È l’emblema dei grandi che cadono, di quanto sia difficile mantenere nel tempo il proprio trono, della precarietà dell’equilibrio perfetto tra bilanciamento tecnico e mentale. L’anno scorso la morte del padre era stato per la “regina delle nevi” un primo colpo duro, ora la disfatta olimpica. A 27 anni prossimi da compiere, l’atleta statunitense ci ha mostrato il lato umano e tragico del campione, della donna programmata per vincere che fallisce. E sembra aver vissuto tanto, forse troppo per la sua età.

La domanda che ora tutti si pongono è se Mikaela Shiffrin tornerà a dominare, se saprà rialzarsi. Noi vorremmo incalzarla, vorremmo vederla primeggiare di nuovo, elegante e regale come in ogni sua discesa. Ignoriamo però se lei vuole questo. Se nella sua mente c’è ancora quella scintilla che porta il campione a volere essere di nuovo dominatore, che permette di resettare ogni elemento di disturbo e consente di focalizzarsi solo sul primeggiare, sul successo. Non deve essere facile vivere a lungo con questo senso di urgenza. Ogni tanto bisogna fermarsi e riposare. La sensazione è che a Mikaela serva più riposo di quanto non se ne sia preso dopo il lutto dello scorso anno.

Un suo tornare a gareggiare per il mero e semplice gusto di farlo appare oggi condizione indispensabile per ritrovare la campionessa perduta. Con i suoi tempi.

Il caso Valieva e il timido Cio

La pagina più brutta di Beijing 2022.

Una storia di vero e proprio sfruttamento minorile alla luce del sole e di doping che sembra riemergere dal lontano passato del doping di stato promosso dai paesi dell’est europeo e dalla defunta DDR. La realtà è che non è un passato che risale in superficie, ma pratiche mai davvero abbandonate.

Sarebbe del tutto ingenuo, infatti, pensare che non sia così in un mondo sportivo che invoca sempre più la precocità, che richiede sempre maggiore professionalizzazione e che riduce tutto alla mera performance nel nome del denaro e della visibilità.

Indigna verificare come l’opinione pubblica, per certi versi, si sia assuefatta a queste notizie, ma è un fatto da rilevare che oggi sia così.
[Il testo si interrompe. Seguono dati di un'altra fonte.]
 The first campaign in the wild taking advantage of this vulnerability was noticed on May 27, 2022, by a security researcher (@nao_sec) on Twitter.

Indigna ancor di più osservare la posizione dei massimi organi dirigenziali dello sport che, al di là di qualche dichiarazione di facciata, rimangono inermi al cospetto di certi fatti.
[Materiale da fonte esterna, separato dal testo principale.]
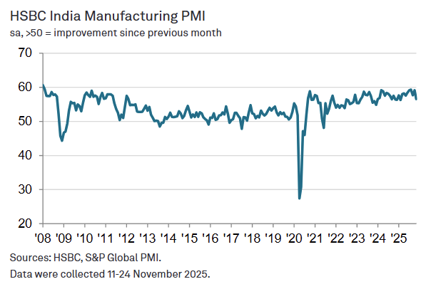 India’s HSBC Manufacturing PMI fell to 55.0 in December (from 56.6 in November), marking easing growth momentum while remaining firmly in expansion.

Non solo, che come unica reazione propongano un’età minima per la partecipazione ai Giochi. Come se quel paletto regolamentare potesse spazzare via le violenze fisiche e psicologiche che sono parte integrante di una cultura formativa che vede già nel bambino un futuro atleta da forgiare e plasmare. Come se un cambio di norma di così irrilevante portata potesse dissuadere quelli che vedono lo sport come un’industria in cui produrre in catena di montaggio, con i fisiologici scarti di produzione e le altrettanto indispensabili addizioni di ogni qualsivoglia sostanza, lecita o vietata, utile a migliorare quel prodotto stesso.

Non si può accettare nulla di tutto questo, ma è ciò che di fatto nel mondo si continua a fare.